Coverage profiles and transcripts were visualized on the Saccharomyces genome using Artemis browser  or with a perl script embedding R commands that was used to plot the coverage.
Gene Ontology analysis was performed on the YeastMine database (http://yeastmine.yeastgenome.org/) considering the Biological Process ontology; GO category enrichment was calculated considering all the S. cerevisiae genes reported in the database.
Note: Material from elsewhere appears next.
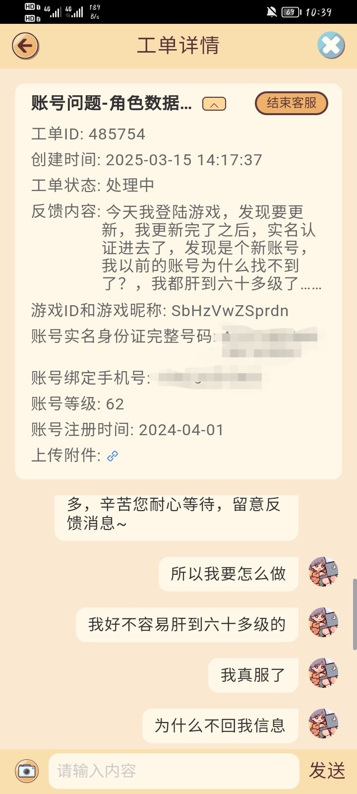 昨天休息,想着上游戏发现要更新,我也没多想,更新完认证之后,发现不是我的账号,是一个新的账号,我的账号呢?我从游戏刚出来就开始玩,一直是一个摆烂玩家,辛辛苦苦肝到六十多级,给我账号清理了?我上面填的注册时间可能有偏差,但是我是在抖音,看到卡琳娜宣传时候在抖音下的,那时候应用商店还没用上线,就这样给我的账号清理?找客服,从昨天到现在一句话不吭,也不解决问题,

Analysis of the RBS in ARO4promoter
The number of binding sites in the S. cerevisiae genomes analyzed was determined using PATMAN software  and allowing from 0 to 3 variable positions in the predicted sequence. Results are reported in Additional file 6: Figure S3.
Analysis of the N. castelliitranscriptome
RNA-seq reads were downloaded from GEO database (GSE58884) and aligned on the reference genome using PASS software v1.6 . The maximum distance allowed for “spliced reads” was 1 kb. Transcriptome reconstruction was performed using ORA with default parameters except the ratio between spliced and unspliced reads in intron identification that was increased to 0.65 to reduce false positives. Selected regions of the genome were visualized using Artemis  and are reported in Additional file 2: Figure S1.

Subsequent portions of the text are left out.